## Your objective:
Repeat the lines from the line with "As soon as the" to the line with "Shepherd's Rest by" in the listing below, keeping both end lines and adding nothing.

## Record set:
══════
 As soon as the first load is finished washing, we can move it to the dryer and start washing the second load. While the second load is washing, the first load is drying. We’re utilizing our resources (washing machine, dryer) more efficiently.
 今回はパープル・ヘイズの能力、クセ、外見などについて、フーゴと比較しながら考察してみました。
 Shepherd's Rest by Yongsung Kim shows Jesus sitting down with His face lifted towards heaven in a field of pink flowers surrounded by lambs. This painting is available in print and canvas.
══════
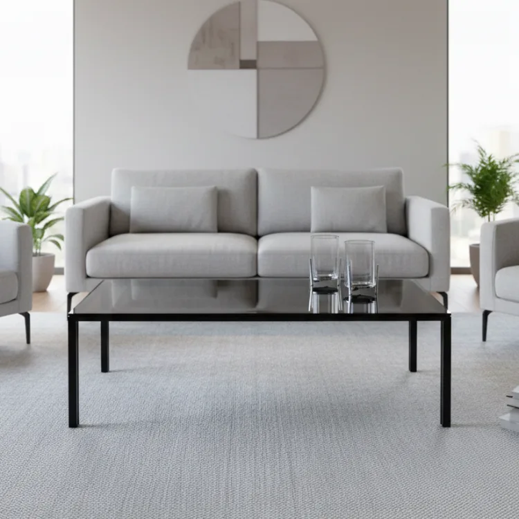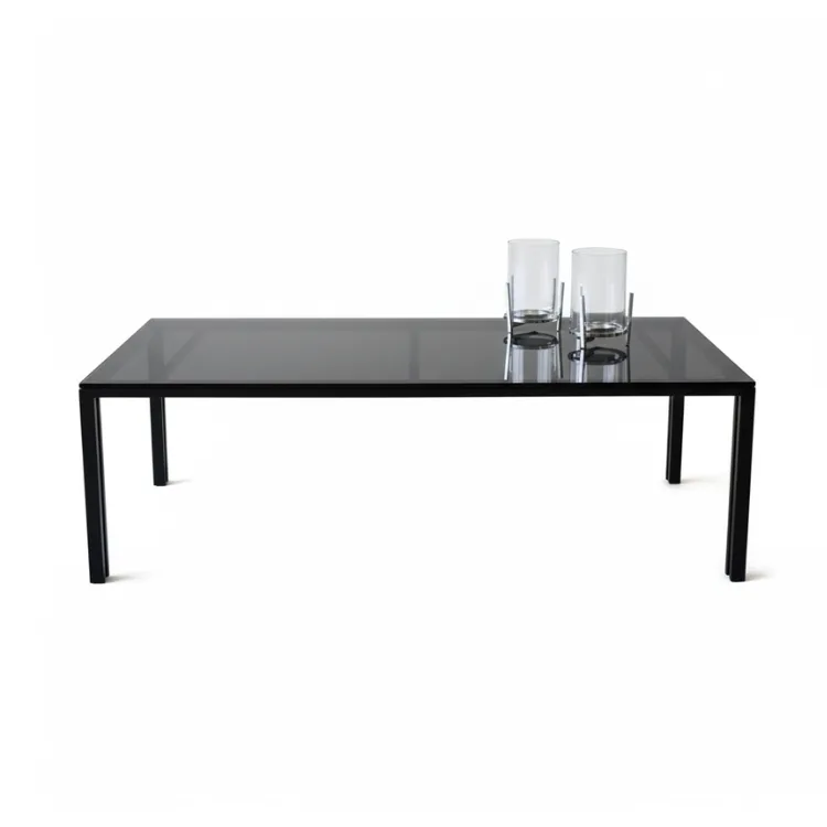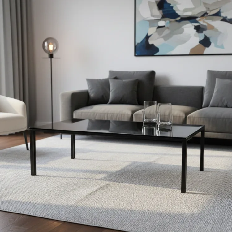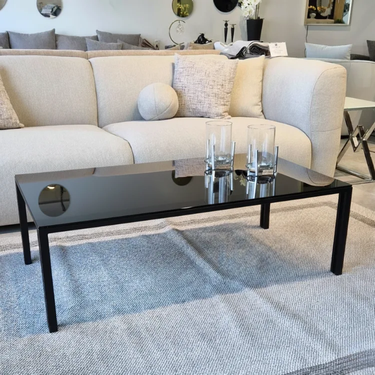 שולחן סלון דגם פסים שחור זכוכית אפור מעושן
══════
## Reply to the task:
 As soon as the first load is finished washing, we can move it to the dryer and start washing the second load. While the second load is washing, the first load is drying. We’re utilizing our resources (washing machine, dryer) more efficiently.
 今回はパープル・ヘイズの能力、クセ、外見などについて、フーゴと比較しながら考察してみました。
 Shepherd's Rest by Yongsung Kim shows Jesus sitting down with His face lifted towards heaven in a field of pink flowers surrounded by lambs. This painting is available in print and canvas.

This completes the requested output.